New York State Bar Association
Conflict, Conflict of Interest, Client consent
Committee on Professional Ethics
Opinion 1170 (07/09/2019)
Topic: Conflict of Interest; village attorney
Digest: A Village Attorney who does not represent the Village in court or in criminal matters, may represent private clients in defense of traffic violations, criminal proceedings, or Town Ordinance violation cases brought in the same Town Court that adjudicates such matters arising from summonses issued and arrests that occurred within the Village boundaries, provided that the lawyer adheres to rules governing conflicts and current government employees.
Rules: 1.7(a)(1), 1.7(a)(2), 1.11(c), 1.11(d) and 1.11(f)
1. The inquirer is the Village Attorney, appointed annually, for an incorporated Village that has no Village Justice Court or separate Village Police Department.

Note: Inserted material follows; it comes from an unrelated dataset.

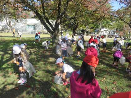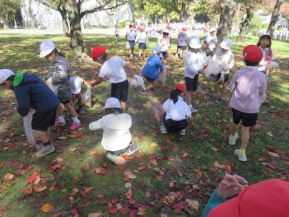 1年生は生活科の学習で落ち葉ひろいに行きました。学校裏の公園は落ち葉がいっぱいあり、子どもたちはたくさんひろうことができました。来週からひろった落ち葉を使って衣装を作ったり、おもちゃを作ったりします。【発信:教務】
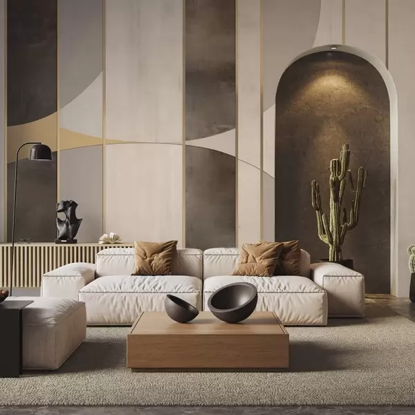 Fotobehang Geometrische panelen met bogen en champagneaccenten N° w04616

The inquirer attends bi-monthly meetings of the Village Board, advising on a variety of legal matters, but maintains a separate private legal practice. The inquirer does not represent the Village in Town Justice Court, where Village Ordinance violation cases are adjudicated. The Town Justice Court also adjudicates Vehicle and Traffic Law (“VTL”) and criminal cases where summonses were issued or arrests were made by a police department that patrols the entire Town, including the geographic area of the Village located wholly within Town boundaries. VTL violation and other criminal cases are prosecuted by the District Attorney for the county.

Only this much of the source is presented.